Somehow, I think we can learn a thing or two from these flowers.
Just like you can’t really watch the grass grow – it’s hard to see how a yoga practice grows and blooms everyday as well. I think back to the first few times I tried a headstand – I either fell flat on my head, or found it impossible to lift the other leg to the wall. It was frustrating. Until one day, it just happened. Effortlessly.
I look at the effortless headstand I can do today – floating, rather than kicking. Exploring the pose for a minute or two, rather than noticing how sweaty my palms were.

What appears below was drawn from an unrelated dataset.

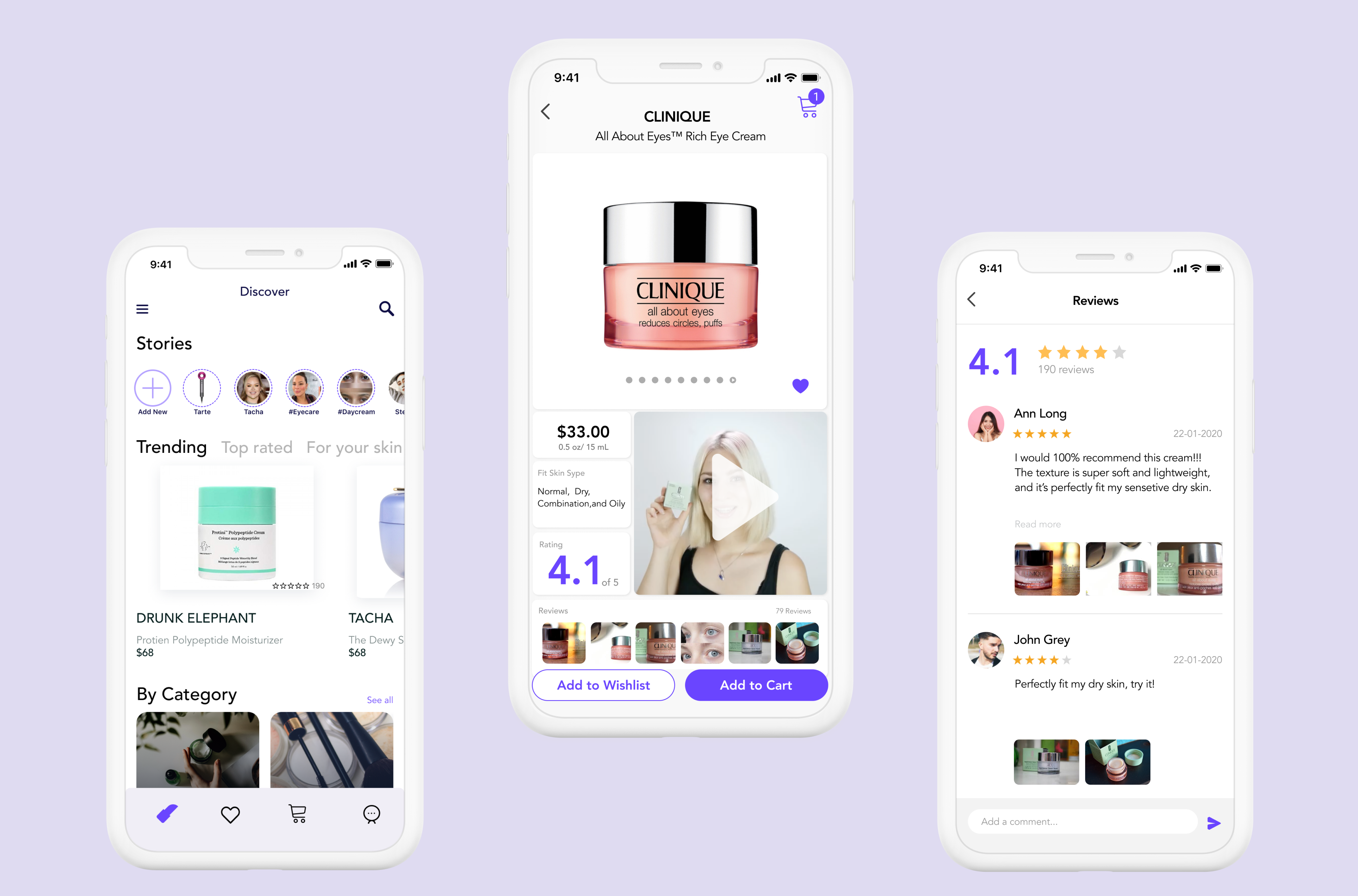 Create a selected beauty products e-commerce shopping application with high-quality images/videos and accurate user rating reviews that offers users a concern-free shopping experience to purchase what fits them.
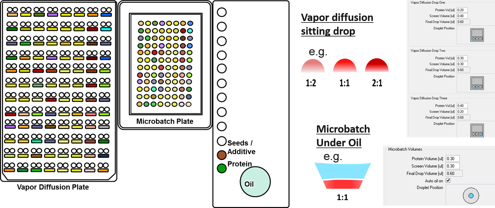 The multi parameter experiment allows drop ratios to be varied and additives (e.g. seed stock) to be added.

Just like a bud ready to bloom, each attempt at a new yoga pose contains untapped, vibrant energy just waiting to change into something beautiful. But, like the bud, it also takes time to blossom into something beautiful. Showing up time after time on the yoga mat we might not always see the difference in our practice. But it happens, whether it’s as fast as a bloom or slow like the grass.
I believe it is the tenacity of our own practice that allows those subtle changes and growth to finally let us bloom into the pose when we find the “Ah Ha” moment that allows the feeling of effortlessness to open our mind and body into the pose.
Here are 5 subtle signs that your yoga practice is blooming:
- Despite obstructions in life, your practice continues.
- Instead of fear, you feel inspiration.
- Instead of impossible, you see the realm of possibility.
- Helplessness fades and is replaced with a feeling of support.
- The once unimaginable is now accomplished with effortless ease.
There is a lot we can learn from flowers. We are all budding with potential at every moment. We can see how much we’ve grown by realizing how we started.
If we just notice the changes, we can understand the benefits that our ongoing practice has given to us – both on and off the mat.